Freight trains and switch engines are safely operated on lines similar to those of plaintiff 'wherever the traffic and circumstances make such operation advisable, without such extra switchmen and extra brakemen.' By increasing lengths of their freight trains, the plaintiff and other railroads in States 'where such extra brakemen and extra switchmen are not (by law) required' have been able to effect great economies. But by the Arkansas laws plaintiff is compelled there to employ more than the standard crew and to pay for services and time not needed or used for the operation of its freight trains.

The standard agreement between plaintiff and the Brotherhood of Railroad Trainmen provides for a switch crew consisting of a foreman and two helpers and 'also provides for a * * * freight train crew, in through and irregular freight service, of a conductor and two brakemen.' Other railroads have similar agreements with the Brotherhood 'with the exception of the service in States with laws similar to the above laws of the State of Arkansas.'

And it is alleged that, if plaintiff were permitted to operate its freight trains without the extra brakemen required by the Act of 1907, its expenses would be reduced by $350,000 per year; and, if permitted to operate its switch engines without the extra helper required by the Act of 1913, its expenses would be reduced $250,000 per year.

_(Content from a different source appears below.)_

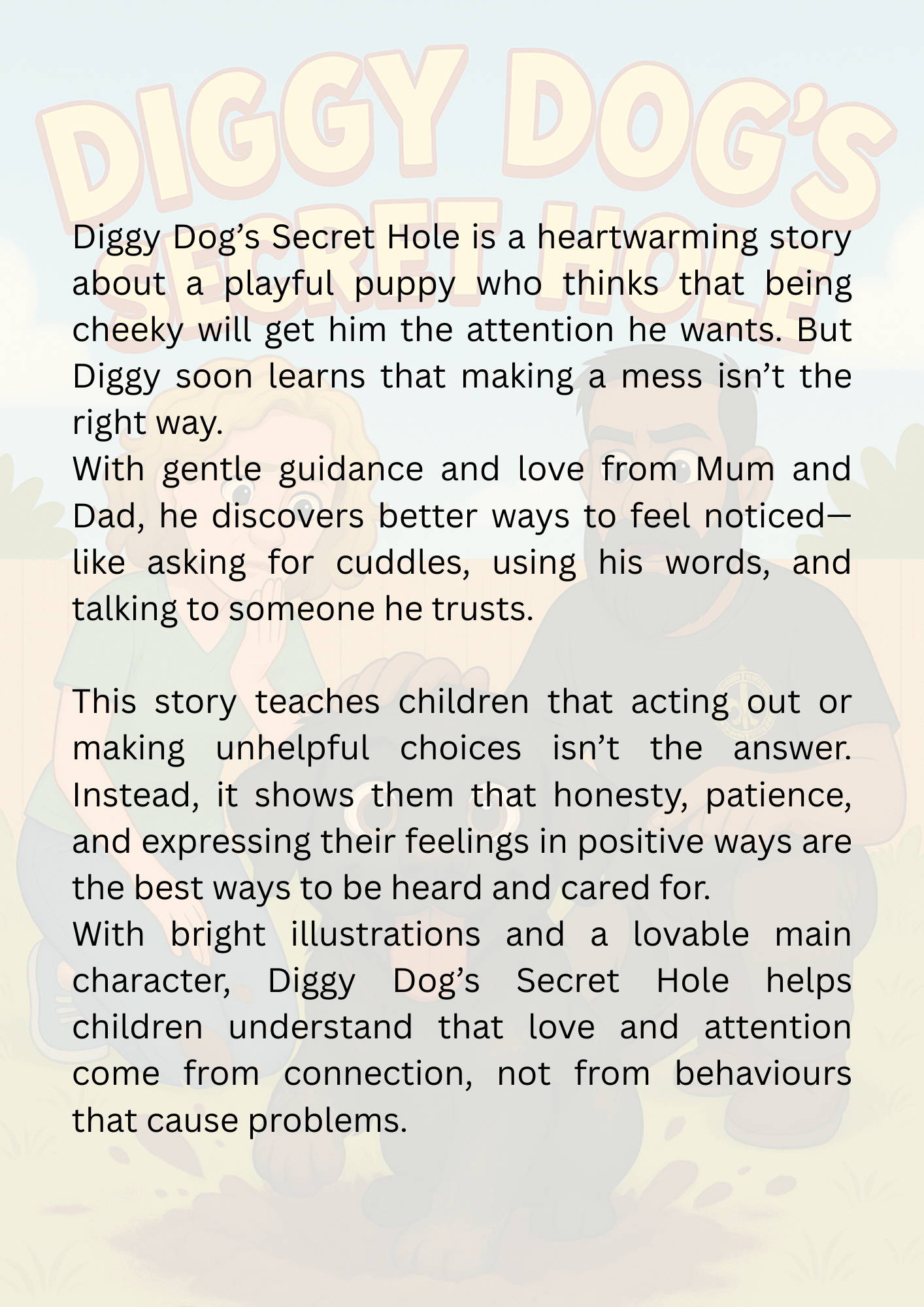 Perfect for young readers, Diggy Dog’s Secret Hole is a heartwarming children’s story about mischief, loneliness, and learning the power of communication.

The complaint contains much by way of argument, assertions as to questions of law together with inferences and conclusions of the pleader as to matters of fact. These are not deemed to be admitted by motion to dismiss. Equitable Life Assurance Society v. Brown, 213 U. S. 25, 43, 29 S. Ct. 404, 53 L. Ed. 682; Southern Ry. Co. v. King, 217 U. S. 524, 536, 30 S. Ct. 594, 54 L. Ed. 868; Pierce Oil Corp. v. Hope, 248 U. S. 498, 500, 39 S. Ct. 172, 63 L. Ed. 381. The state laws are presumed valid. Moreover, in the cases here decided they were held not repugnant to the commerce clause of the Constitution or the due process or equal protection clause of the Fourteenth Amendment. The burden is on the plaintiff by candid and direct allegations to set forth in its complaint facts sufficient plainly to show the asserted invalidity. Aetna Insurance Co. v. Hyde, 275 U. S. 440, 447, 48 S. Ct. 174, 72 L. Ed. 357, and cases there cited; N. O. Public Service v. New Orleans, 281 U. S. 682, 686, 50 S. Ct. 449, 74 L. Ed. 1115; Beaumont, S. L. & W. Ry. v. United States, 282 U. S. 74, 88, 51 S. Ct. 1, 75 L. Ed. 221.

There is no showing that the dangers against which these laws were intended to safeguard employees and the public no longer exist or have been lessened by the improvements in road and equipment or by the changes in operating conditions there described. And, for aught that appears from the facts that are alleged, the same or greater need may now exist for the specified number of brakemen and helpers in freight train and switching crews. It is not made to appear that the expense of complying with the state laws is now relatively more burdensome than formerly. Greater train loading tends to lessen operating expenses for brakemen. There is no statement as to present efficiency of switching crews compared with that when the 1913 Act was passed, but it reasonably may be inferred that larger cars and heavier loading of today make for a ower switching expense per car or ton. While cost of complying with state laws enacted to promote safety is an element properly to be taken into account in determining whether such laws are arbitrary and repugnant to the due process clause of the Fourteenth Amendment (Lehigh Valley R. R. v. Commissioners, 278 U. S. 24, 34, 49 S. Ct. 69, 73 L. Ed. 161, 62 A. L. R. 805; Oregon R. R. & N. Co. v. Fairchild, 224 U. S. 510, 529, 32 S. Ct. 535, 56 L. Ed. 863), there is nothing alleged in that respect which is sufficient to distinguish this case from those in which we have upheld the laws in question. And the claim that 'standard' crews are generally employed by the railroads of the United States is substantially impaired by the qualified form of the allegations and also by the fact which we judicially notice, that other states have laws somewhat similar to the Arkansas Act in question.4 It is clear that, so far as constitutionality is concerned, the facts alleged are not sufficient to distinguish this case from those in which this court has sustained these laws.